A suggestion for a route could be:
Sal Rei (town) – Rabil (village) – Deserto Viana (desert) – Povocao Velha (village) – Praia da Varandinha (beach with caves) – Praia de Santa Monica (beach) – Curral Velho (ruins and salt lake) – Praia de Joao Barrosa (turtle nesting beach) – Baobab (a lone Baobab tree) – Ervatao (a surf beach) – Fundo das Figueiras (village) – Santa Maria shipwreck – Sal Rei
Take a look at the photo gallery for more details.
São Nicolau island
At the Western end of the island lies a small gem called Carbirinho. It may be a little hard to get to this spot, which is hardly mentioned in any guidebook, but it is well worth the effort! You can sit for hours watching the waves crash into the rocks and the water pulling in and out of the small black-sanded beaches. The rough sea has been carving the sandstone cliffs for centuries forming beautiful patterns. Some natural springs seep through the rocks attracting goats who come here to drink. Especially around sunset, the place becomes magical.

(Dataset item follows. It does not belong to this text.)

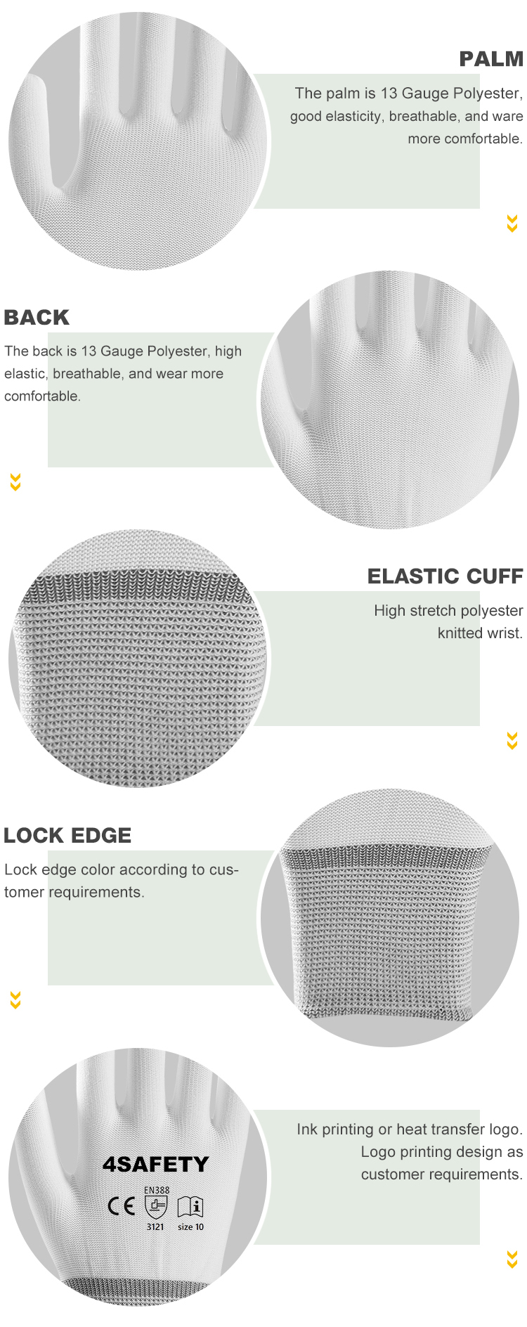- 13 gauge white polyester gloves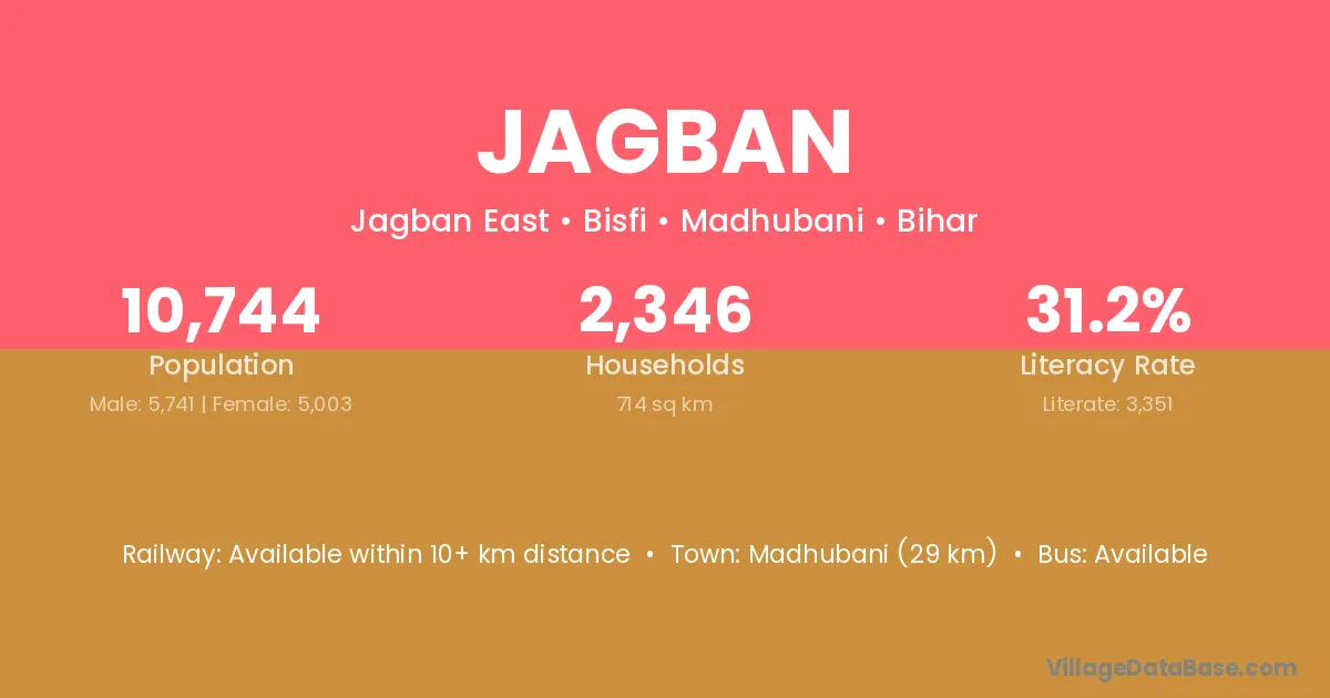Madhubani (29 km) is the nearest town to Jagban village for major economic activities and is located approximately 29 km away.

If you are lucky, you can also see turtles swimming below the rocks.
Santo Antão island
Set apart from most hikes on Santo Antão, which are mainly inland going between the top of the mountains and the coast in either direction, the coastal walk between Cruzinha and Ponta do Sol is something very different. Don’t expect to hike flat though. You’ll probably get the same or even more altitude difference in your legs than on the other hikes. The trail keeps going up and down along the rocky coast, sometimes going over some passes, but pretty much all the time you see the ocean and have amazing views. You pass by some beautiful black sand beaches where you can cool your feet down in the waves. The few villages you pass through are also beautiful and some have amazing agricultural terraces.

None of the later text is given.